Patricia Leigh Brown profiles a restorative justice program in Oakland, which, like similar programs in Chicago, Denver, Portland and Minneapolis, gives struggling students an alternative to violence and their schools an alternative to punitive discipline. In the Oakland program, students work through issues in talking circles, discussing what led to problematic behavior and how they can make amends. In the wake of post-Newtown demands to install more police in schools, several publications have printed stories about such programs.
— James Cersonsky focuses on labor and education.
“Lean In Litmus Test: Is This For Women Who Can Cry At Work?” by Tressie McMillan Cottom. tressiemc.com, April 1, 2013.

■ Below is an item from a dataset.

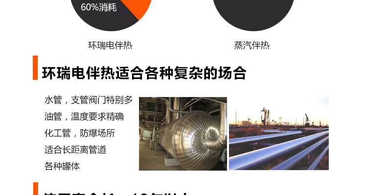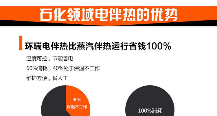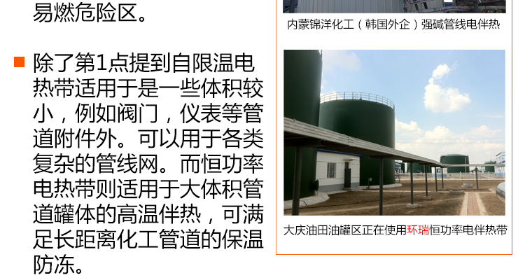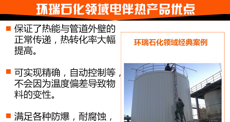 石化場所下的長距離管道,因輸送過程和長時間的儲存過程中會因散熱造成溫度下降,溫度的下降會使粘性物料的粘度升高,而對易結晶物料則可能使物料產(chǎn)生結晶,從而造成料液的輸送發(fā)生困難,嚴重的會造成管道系統(tǒng)的堵塞。為避免這種情況發(fā)生,必須對系統(tǒng)散失的熱量予以及時補充,即對系統(tǒng)進行連續(xù)不斷地加熱。 |

“‘Lean In’ sounds like it was written for women who can cry at work…. Crying at work is a euphemism for the myriad ways in which black women are sanctioned for demonstrating behavior from which white women benefit…. Sandberg doesn’t have to attend to things I care about like race, class, inequality and capitalism…. Privilege is about never having to critically engage the realities of others…. In effect, respecting Sandberg’s agency requires I stifle my own.” For people who think about labor, especially people who can cry at work (and the myriad male equivalents of crying at work), this is a must-read. It’s also a must-read for those who, like Sheryl Sandberg (and tressiemc), assert agency through writing.
— Catherine Defontaine focuses on war, security and peace-related issues, African and French politics, peacekeeping and the link between conflicts and natural resources.

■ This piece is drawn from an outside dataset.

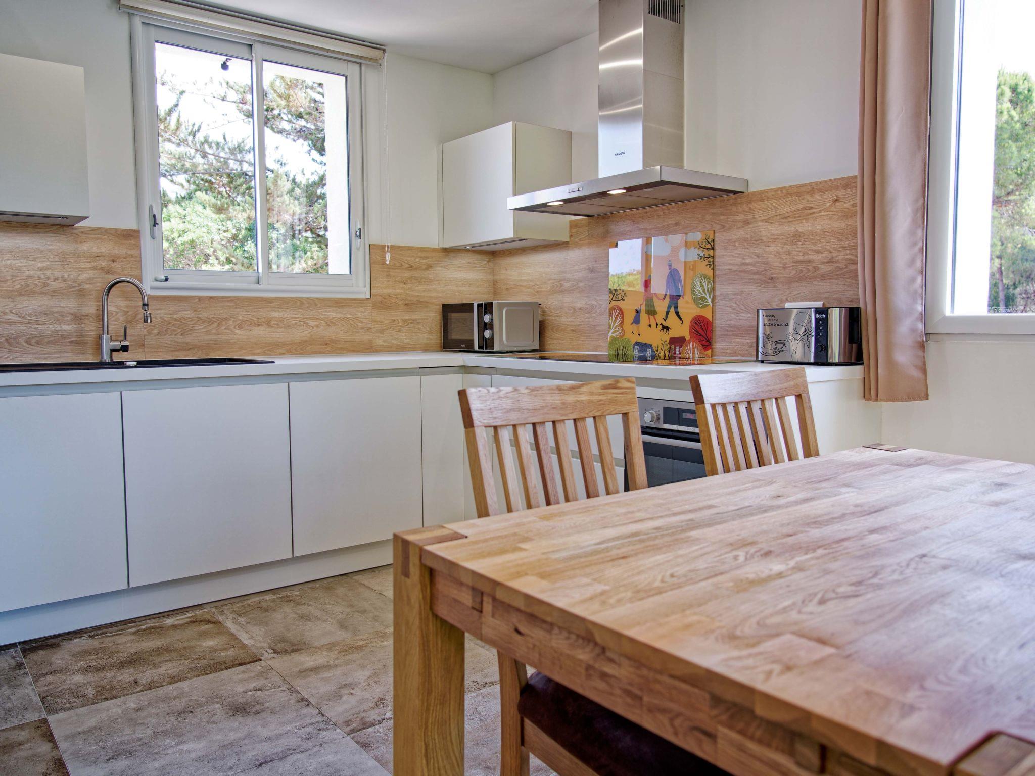 A living room/kitchen. Fully equipped kitchen with cooker, oven, microwave, toaster, dishwasher, washing machine, coffee machine, kettle and dining area.

“Old Wine in New Bottles? Justifying France’s Military Intervention in Mali,” by Benedikt Erforth and George Deffner. Think Africa Press, March 18, 2013.
In less than two years, France has intervened three times in Africa: in Libya against Muammar Gaddafi, in the Ivory Coast to help arrest former president Laurent Gbagbo and now in Mali to fight terrorists and Islamists and guarantee the security of West Africa and Europe. However, despite its official rhetoric, the French government has failed to avoid accusations of neocolonialism and to relinquish its outmoded Françafrique system. Indeed, critics suggest that France’s intervention is motivated by its economic and strategic interests in the region and its ambitions to keep its status as an important player on the international level.